Maybe science now instills a sense of humility, and even a sober intellectual recognition that not all the questions have answers.
You would have plenty of company if you drew a blank if asked to name a living scientist: A 2017 survey found that only 19 percent of Americans could do so. Stephen Hawking, who died last March, was the scientist most likely to be mentioned by survey respondents, followed by Neil deGrasse Tyson and Bill Nye.
Of course, it’s easy to dismiss popularizers such as Tyson and Nye as belonging to a different class of scientist from that of the Nobel Prize–winning Hawking. Tyson has not been involved in astrophysics research for years, and Nye has never been a working scientist. Science popularizers rather than popular scientists, they are known for their publicity efforts on behalf of science rather than their scientific genius or attainments.
Figures such as Hawking or his predecessors in theoretical physics—most famously Albert Einstein, but also the freewheeling Richard Feynman and the polymathic and tragic J. Robert Oppenheimer—inspired awe for their intellectual achievements. They were seen as geniuses—not in the loose sense that might be applied to racehorses, but in the stricter sense of possessing intellectual powers far above those of the mass of humanity.

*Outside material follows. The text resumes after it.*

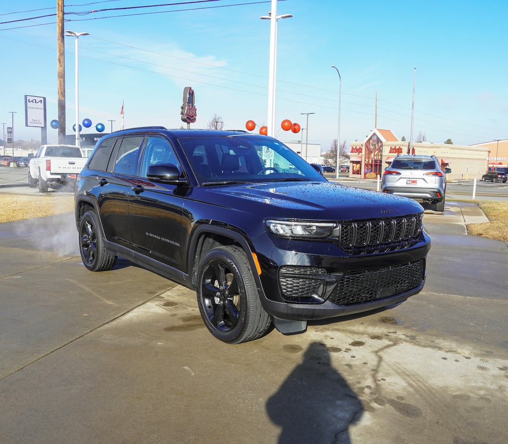 ENGINE: 3.6L V6 24V VVT UPG I W/ESS (STD),DIAMOND BLACK CRYSTAL PEARLCOAT,QUICK ORDER PACKAGE 23M ALTITUDE X -inc: Engine: 3.6L V6 24V VVT UPG I w/ESS Transmission: 8-Speed Automatic 8HP50 Altitude X Selectable Tire Fill Alert Remote Start System Rain Sensitive Windshield Wipers Wireless Charging Pad Heated Front Seats Black Headliner Power Sunroof Delete Laredo Badge 115V Auxiliary Power Outlet Gloss Black Exterior Accents Heated Steering Wheel Power Liftgate,GLOBAL BLACK CAPRI LEATHERETTE/SUEDE SEATS,TIRES: 265/50R20 BSW A/S LRR,TRAILER TOW PACKAGE -inc: Rear Load Levelling Suspension Full-Size Spare Tire 180 Amp Alternator 7 & 4-Pin Wiring Harness Heavy-Duty Engine Cooling 18 Full-Size Steel Spare Wheel Automatic Headlamp Levelling System Trailer Hitch Zoom Class IV Receiver Hitch,TRANSMISSION: 8-SPEED AUTOMATIC 8HP50 (STD),FRONT LICENSE PLATE BRACKET,WHEELS: 20 X 8.5 GLOSS BLACK PAINTED ALUMINUM -inc: Tires: 265/50R20 BSW A/S LRR,Four Wheel Drive,Power Steering,ABS,4-Wheel Disc Brakes,Brake Assist,Brake Actuated Limited Slip Differential,Aluminum Wheels,Tires - Front All-Season,Tires - Rear All-Season,Temporary Spare Tire,Heated Mirrors,Power Mirror(s),Rear Defrost,Privacy Glass,Intermittent Wipers,Variable Speed Intermittent Wipers,Rear Spoiler,Power Door Locks,Daytime Running Lights,Automatic Headlights,LED Headlights,AM/FM Stereo,Bluetooth Connection,MP3 Capability,Steering Wheel Audio Controls,Auxiliary Audio Input,Bluetooth Connection,Power Driver Seat,Driver Adjustable Lumbar,Power Driver Seat,Driver Adjustable Lumbar,Pass-Through Rear Seat,Rear Bench Seat,Adjustable Steering Wheel,Trip Computer,Power Windows,WiFi Hotspot,Keyless Entry,Power Door Locks,Keyless Start,Keyless Entry,Power Door Locks,Cruise Control,Adaptive Cruise Control,Climate Control,Multi-Zone A/C,A/C,Driver Vanity Mirror,Passenger Vanity Mirror,Driver Illuminated Vanity Mirror,Passenger Illuminated Visor Mirror,Floor Mats,Smart Device Integration,Requires Subscription,Smart Device Integration,Keyless Start,Power Windows,Power Door Locks,Trip Computer,Security System,Immobilizer,Traction Control,Stability Control,Traction Control,Front Side Air Bag,Telematics,Requires Subscription,Rear Parking Aid,Blind Spot Monitor,Cross-Traffic Alert,Rear Collision Mitigation,Lane Departure Warning,Lane Keeping Assist,Lane Departure Warning,Front Collision Mitigation,Tire Pressure Monitor,Driver Air Bag,Passenger Air Bag,Front Head Air Bag,Rear Head Air Bag,Passenger Air Bag Sensor,Knee Air Bag,Child Safety Locks,Back-Up Camera

In recognition of their intelligence, the general public tended to take the pronouncements of such figures very seriously, even on issues beyond their scientific expertise. Einstein opined on world government. Oppenheimer tried to forestall a nuclear arms race. And Hawking spoke publicly about the existential threats facing humanity, ranging from artificial intelligence to unfettered capitalism. What made it possible for those twentieth-century scientists to become so widely respected for their genius, and why are there so few scientists today who reach such levels of fame?